Unfortunately, not every television show made can be the next Breaking Bad, The Wire, or Kid Nation. Some won't be good and some will be downright bad. Years of experience has taught us that we tend to get a lot of these during the big fall push by the networks when they show off their new wares, but this season, things are a tiny bit different! For the better! The amount of absolute stinkers is down, while the number of "ehhh, whatever" shows is on the rise. Hence, our list of the five worst pilots of the fall season focuses not only on the shows that are not as good as the rest, but decent shows that have major problems that will hopefully be fixed down the line. Watch these at your own risk!
Premieres: Tuesday, September 22 at 8pm
Better known as The Show With John Stamos, this shlock stars the former Full House heartthrob as a playboy restauranteur (okay) who discovers that he has a full-grown son (ugh) from an old fling, and his son has a baby daughter, making Stamos' character an unexpected grandfather (UGH). Grandfathered, get it? You can already see Stamos making a "stinky diaper" face when he's left in charge of the little one while Table 30 waits for their veal piccata. Elsewhere, Josh Peck stars as the meek son with his own relationship problems, and it's up to studly dad to show him the ropes. But did they have to make Peck's character so helpless? Yep, because this is The John Stamos Show.
Dr. Ken (ABC)
Premieres: Friday, October 2 at 8:30pm
Community's Ken Jeong can't save this changtastrophe about a doctor (Jeong, who was a real doctor before turning to acting) with poor bedside manner. Jeong's not bad in Dr. Ken and brings a ton of his wound-up energy to the show, but the material he has to work with (and the laugh track) bring him down.
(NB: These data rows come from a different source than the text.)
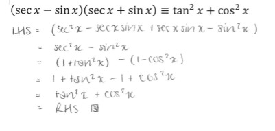 tan and sec pythagoream identity
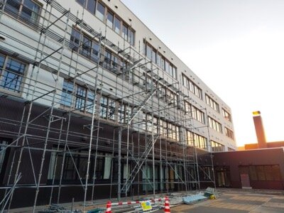 エアコン工事が始まっています。足場を組んでいるところ。
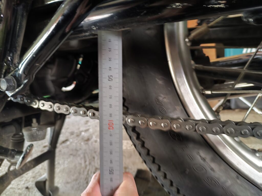 チェーンのたわみが規定値(30㎜~40㎜)よりも大きくなる程度でOKです。
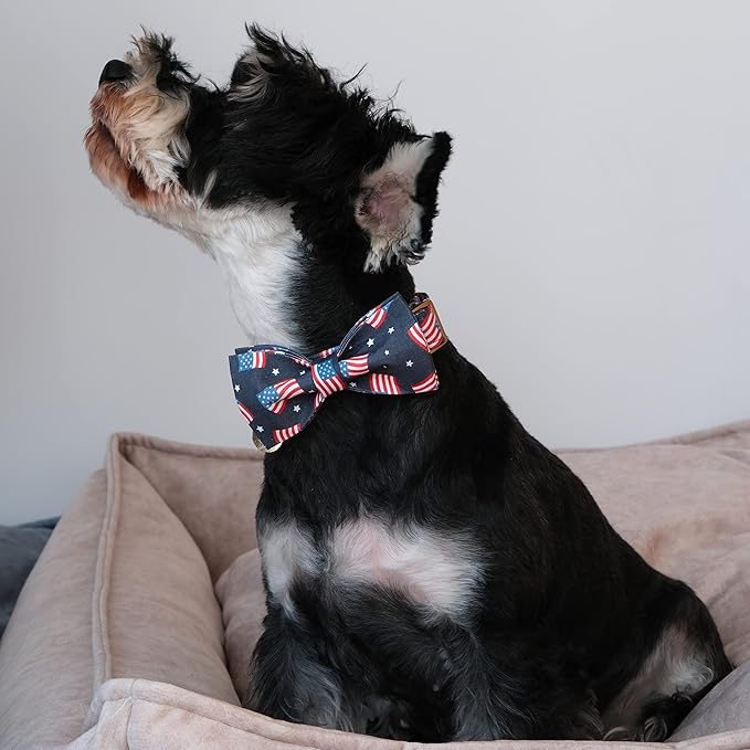American Flag Dog Collar with Bow Tie, 4th of July Comfortable Cotton Cute Dog Collar with Metal Buckle, Patriotic Bowtie Collar for Puppy Girl Boy Dog, L
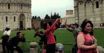 一群朋友 trolarei 游客到比萨斜塔, 当他们试图为我们都见过的非常普通的“阻止塔楼倒塌”照片表明立场的那一刻.
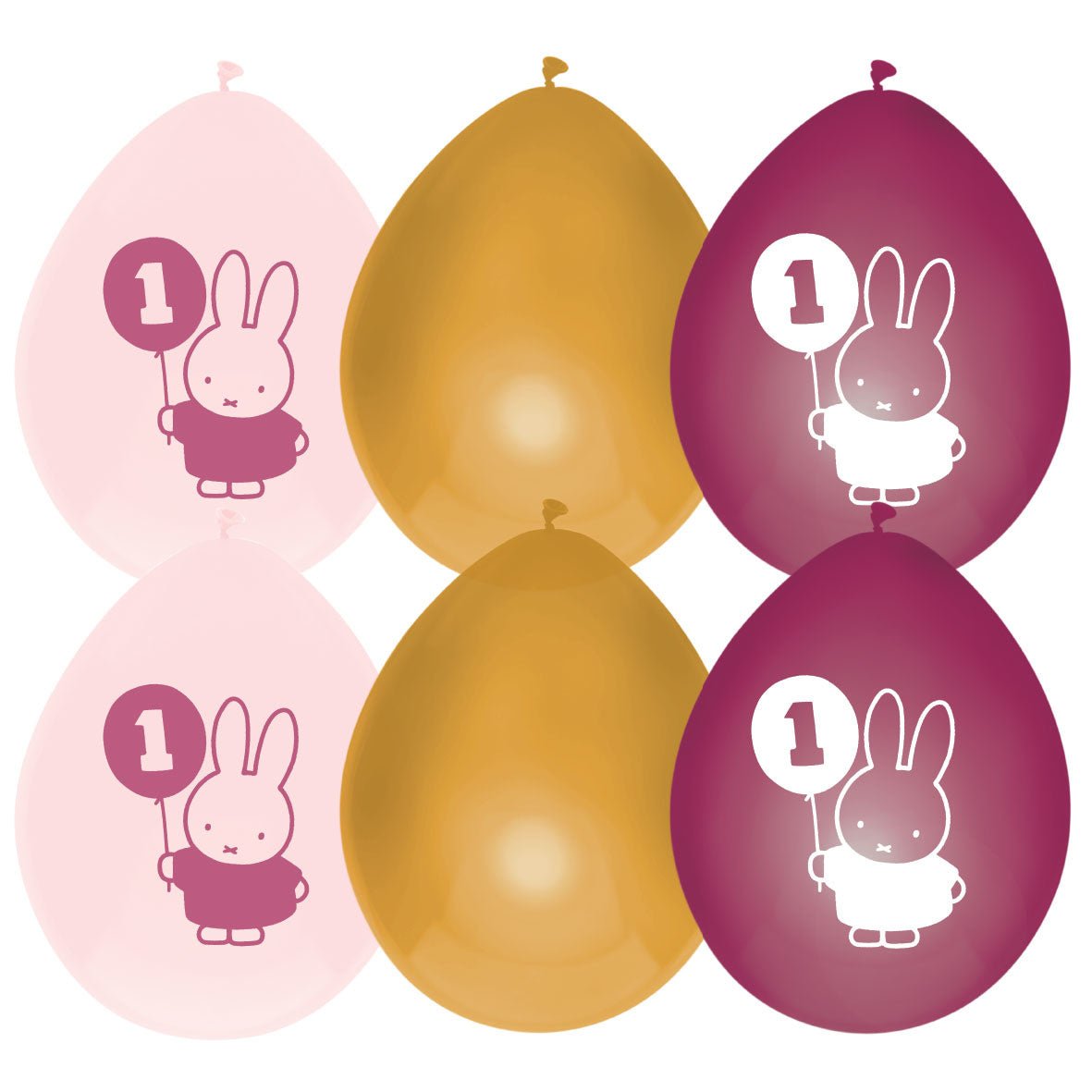 Balony Miffy 1 Rok Różowe 30cm 5szt

This multi-cam comedy broke the speed record for failing the Butt Stuff Joke test by making its very first line of dialogue a joke about rectal exams. It's downhill from there. Trophy Wife's adorable Albert Tsai is trapped in this as Jeong's son, so expect #SaveAlbertTsai to start trending in a few weeks.
Premieres: Monday, September 21 at 10pm
Why so serious, Blindspot? The much-hyped-by-NBC drama thinks it's an Oscar-winning tough-guy movie, but it's really the latest forced contortion of a network procedural drama trying to freshen up a stale genre in absurd ways. Yeah, it's about an FBI guy (Sullivan Stapleton) who solves crimes, but he does it by reading the tattoos all over the body of a Jane Doe (Jaime Alexander) who can't remember who she is or why she wound up naked in a duffle bag in Times Square. If we had a nickel, lady. Just deal with it. There's zero amount of fun in the show as characters bark orders at each other like a pack of grumps, and the seriousness doesn't work under network decency standards.
Truth Be Told (NBC)
Premieres: Friday, October 16 at 8:30pm
Actually, Truth Be Told isn't terrible terrible, but the premise sold to us (BFF couples who are also neighbors tell it like it is) wasn't what we saw in the pilot. Mark-Paul Gosselaar and Tone Bell star as the husbands in these friendly couples, and the focus quickly devolves into how much typical guy shit they can get away with without their wives knowing instead of involving anything of substance or a solid point of view, which was made all the more apparent after the strong run of the superior (and also multi-cam) The Carmichael Show this summer. Bell's great, but truth be told? The rest of the show is not.
Minority Report (Fox)
Premieres: Monday, September 21 at 9pm
Though it's based on the 2002 film, which was adapted from a Philip K. Dick short story, Minority Report is but a mere police procedural stuck in the future. There might be some pilots that were worse than this, but our disappointment in Fox taking a promising concept—a man can see crimes before they happen—and turning it into something generic was enough to put the show on the list. There's no reason Minority Report needs to be set in the future based on its premise, but the show takes every opportunity to show off future doodads and gizmos as if they're important to the story. They're not. Make the sci-fi part of the actual core of the story, and get back to us, Minority Report.